Contents
A quick overview
This project is my internship work in JdeRobot open source organization which develops a collection of exercises and challenges to learn robotics in a practical way. The exercises mainly based on ROS and Gazebo simulator. The organization develops software(ROS and Gazebo based exercises) with a main focus on educational impact on user who is keen on learning and testing different robotics algorithms for various scenarios.
For the user, this template comes with an ACE editor on which he/she writes algorithm in python and see simulation result.
By the time I joined the organization, they were primarily working on new release 2.3 which is migrating all the available exercises to new web-templates paradigm. I decided to take on one of those exercises which is Global Navigation and it was quiet challenging for the migration. Before I started, I studied their open sourced repository structure to better understand the source code.
Project references
Web Structure
As one can see the thumbnail image, it is a single page localhost web-template contains :-
- ACE editor for the user to code particular algorithm in python
- Gzweb client simulation window + noVNC viewer in which the robot acts upon user’s algorithm
- VNC Console for debugged informations
- Control widgets such as play/stop/reset the simulation
- Map image with canvas robot position to locate it on the map
Design Architecture
Tools used
- ROS-melodic(LTS) - It is main framework used for simulation environment.
- Two websocket connections : GUI websocket for sending sensor data published from gzserver to gzweb (server to client), etc and Code websocket for user queries such as change in the sensor data, interfaces, etc (client to server).
- Two python theads : GUI thread for starting GUI websocket server and brain thread for Code websocket server along with their respective components.
- Docker : We built a docker image contains all the dependencies for running the exercise and use it as server side to maintain minimal installation and set up a ready working environment for the user with a single command line. It is :-
docker run -it -p 8080:8080 -p 2303:2303 -p 1905:1905 -p 8765:8765 -p 6080:6080 -p 1108:1108 jderobot/robotics-academy python3.8 manager.py
- Port 8080 for Gzweb
- Port 2303 for GUI websocket
- Port 1905 for Code websocket
- Port 8765 for manager.py for setting up ROS environment for specific chosen exercise
- Port 6080 for vnc viewer for Gazebo
- Port 1108 for vnc viewer for console
Working principle on server side
Launch and world files
- It is suggested to run the launch file headless to be able to run Gzweb. Since the docker container handles a bundle of dependencies, running Gazebo GUI window inside the docker will consume too much CPU power.

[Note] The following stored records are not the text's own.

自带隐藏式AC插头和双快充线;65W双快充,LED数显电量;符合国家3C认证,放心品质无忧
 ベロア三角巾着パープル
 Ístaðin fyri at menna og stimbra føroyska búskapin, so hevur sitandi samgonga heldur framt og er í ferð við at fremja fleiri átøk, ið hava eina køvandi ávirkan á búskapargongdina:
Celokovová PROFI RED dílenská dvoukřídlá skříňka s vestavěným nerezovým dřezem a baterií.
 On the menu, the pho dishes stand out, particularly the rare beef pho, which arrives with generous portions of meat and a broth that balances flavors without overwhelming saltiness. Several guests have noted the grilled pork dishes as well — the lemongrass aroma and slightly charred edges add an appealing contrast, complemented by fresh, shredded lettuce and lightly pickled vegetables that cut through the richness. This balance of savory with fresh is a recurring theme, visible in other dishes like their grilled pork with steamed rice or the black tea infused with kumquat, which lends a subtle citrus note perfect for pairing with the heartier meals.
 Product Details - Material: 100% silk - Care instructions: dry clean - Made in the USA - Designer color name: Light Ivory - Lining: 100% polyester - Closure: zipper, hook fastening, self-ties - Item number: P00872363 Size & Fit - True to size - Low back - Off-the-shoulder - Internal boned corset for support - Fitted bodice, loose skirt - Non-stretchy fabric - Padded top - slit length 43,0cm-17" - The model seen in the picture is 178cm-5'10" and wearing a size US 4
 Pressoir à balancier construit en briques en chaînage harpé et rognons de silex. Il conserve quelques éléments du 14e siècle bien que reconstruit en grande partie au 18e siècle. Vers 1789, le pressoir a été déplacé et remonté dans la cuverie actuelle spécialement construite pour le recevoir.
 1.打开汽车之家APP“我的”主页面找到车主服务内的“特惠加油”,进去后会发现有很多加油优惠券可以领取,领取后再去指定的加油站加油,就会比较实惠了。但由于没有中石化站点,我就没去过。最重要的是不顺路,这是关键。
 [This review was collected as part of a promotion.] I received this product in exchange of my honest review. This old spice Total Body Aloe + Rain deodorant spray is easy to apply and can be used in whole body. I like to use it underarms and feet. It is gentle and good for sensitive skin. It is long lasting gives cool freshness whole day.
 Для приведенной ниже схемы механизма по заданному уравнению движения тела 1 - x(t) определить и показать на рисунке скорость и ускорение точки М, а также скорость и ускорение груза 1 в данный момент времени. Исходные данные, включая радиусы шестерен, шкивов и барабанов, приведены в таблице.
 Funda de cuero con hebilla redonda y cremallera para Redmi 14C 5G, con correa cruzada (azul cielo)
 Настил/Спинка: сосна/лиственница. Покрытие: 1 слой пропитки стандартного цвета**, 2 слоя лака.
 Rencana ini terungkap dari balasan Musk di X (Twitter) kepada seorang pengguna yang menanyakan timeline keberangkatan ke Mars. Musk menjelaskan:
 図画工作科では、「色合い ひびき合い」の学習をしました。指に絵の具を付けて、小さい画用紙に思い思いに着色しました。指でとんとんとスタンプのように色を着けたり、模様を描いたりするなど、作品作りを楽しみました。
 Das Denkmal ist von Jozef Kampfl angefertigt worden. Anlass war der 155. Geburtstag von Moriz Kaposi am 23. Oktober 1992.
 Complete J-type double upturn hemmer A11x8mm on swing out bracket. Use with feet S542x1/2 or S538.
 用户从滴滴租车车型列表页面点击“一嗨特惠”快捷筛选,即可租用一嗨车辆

- By launching it, only gzserver will be running behind the scene along with master node and other nodes.
Gazebo Models
- The gazebo models are taxi_holo_ROS and cityLarge that are come preinstalled with JdeRobot academy software. Since they come preinstalled, I simply got nothing to do with for using them.
- And they are loaded from CustomRobots repo by the docker image.
HAL.py (hardware abstratcion layer)
- From the master node, I take only two neccessary topics which are
/taxi_holo/odom
for the user to know robot position and/taxi_holo/cmd_vel
for the user to override the linear and angular velocities. - I subscribed to
/taxi_holo/odom
so that user gets updated robot position messages continously and published/taxi_holo/cmd_vel
and setting up linear and angular velocities to zero so that user can override any values they want to the message.
map.py
- Map with robot location provided on the template to monitor the robot.
- I extracted x,y coordinates and yaw (angle of rotation plane) from
/taxi_holo/odom
topic fromHAL class
and converted them from world coordinates to map coordinates and used them on canvas element. - Some components are needed to be translated from world coordinates to map coordinates and vice-versa. For those, created built-in modules which do the function for the user. For all the built-in modules details, please refer Ref 1
gui.py (GUI thread)
- In this, the GUI thread will be started that runs GUI websocket server.
- The components in this thread are measuring the frequency of it, sending built-in modules functions called by the user on the socket such as robot position parsed by
MAP class
, user’s debugged image which is GPP(Gradient Path Planning) and in CvMat form, 2D array points to show shortest path decided from path planning on the map, etc.
exercise.py (main launching file)(brain thread)
- Whenever user clicks widgets, the server gets the response from client and controls the simulations accordingly.
- The user code is sent to this websocket and executed using
exec()
function. - All the accessible built-in APIs are created for the user to use dynamically on the editor in
exec()
func. With the built modules as globals and empty dictionary as locals. - And the brain thread will be started when the user clicks
play
button and the code in the editor will be executed.